Guest Dodger Posted October 12, 2005 Posted October 12, 2005 The most common reaction I've had from 'non scene' folks when telling them about it all is the fact that they can't grasp the concept of everyone, particularly blokes, dancing on their own!! The prices of the records usually comes a close second. Mind you, I can't get fathom people paying some of these prices and I'm involved in soul scene. I've also always been lucky that my partners have been into the music, it must be a real pain for any committed soulie, at whatever level, to be with somebody who just doesn't 'get it'
Guest Ms Murray Posted October 12, 2005 Posted October 12, 2005 There must be some funny stories out there......? I know of a friend who is also a member on here who tried to explain the scene to a work friend.....her reply was "oooh I once bought a record by a black person" How do you explain that you have spent £200 on a piece of plastic to your new girlfriend? Shane A number of years ago someone I know told his new girlfriend that he was into soul. She replied "Isn't that a kind of fish?" Needless to say she was unceremoniously dumped! Deservedly so I say! As bizarre as it sounds I am assured that it is true!
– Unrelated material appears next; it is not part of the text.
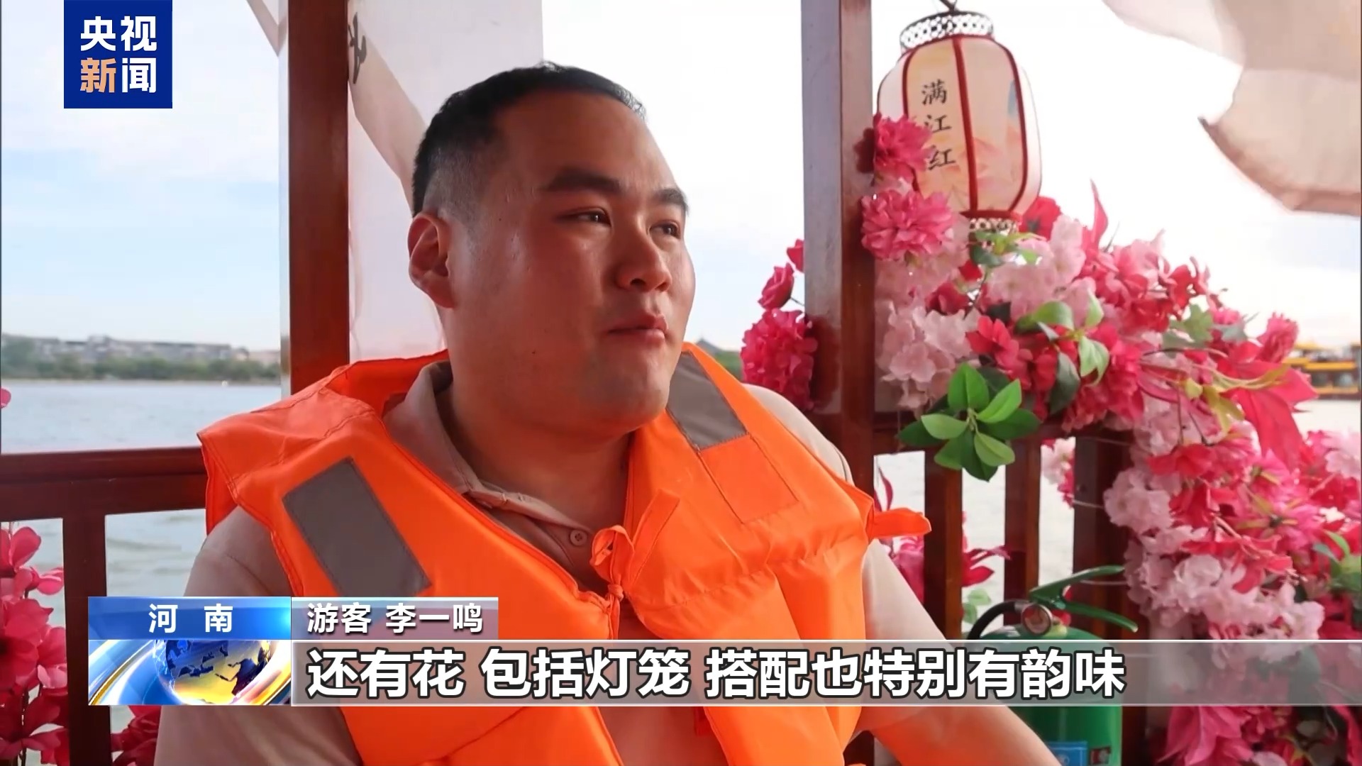 游客 李一鳴:置身于這個歷史古城之中,就像《清明上河圖》里面的人物一樣。船上裝點(diǎn)的古典詩詞,還有花,包括燈籠,搭配特別有韻味。

Guest miff Posted October 12, 2005 Posted October 12, 2005 Ive been with to my non soul loving wife for 20 years and she still dosnt understand why I keep buying records or go to soul nights. I keep trying to get her to go but she just refuses to go, She just dose not like the music Out off all the records I own she only likes 2, Angie Stone, I wish iI didnt miss you and Amanda Love, You keep calling me by her name. This isnt such a bad thing it lets me have nights out and means I can get away from all the strees of family life, as long as its not to offten, To her credit she has never tried to stop me going anywhere, or moaned at the money I spend on records How many blokes can go out dancing all night arrive home in the at 8 or 9, in the morning, skint and be greated with a " Had a good night " a nice cup of coffee and a kiss, I consider my self a lucky bloke.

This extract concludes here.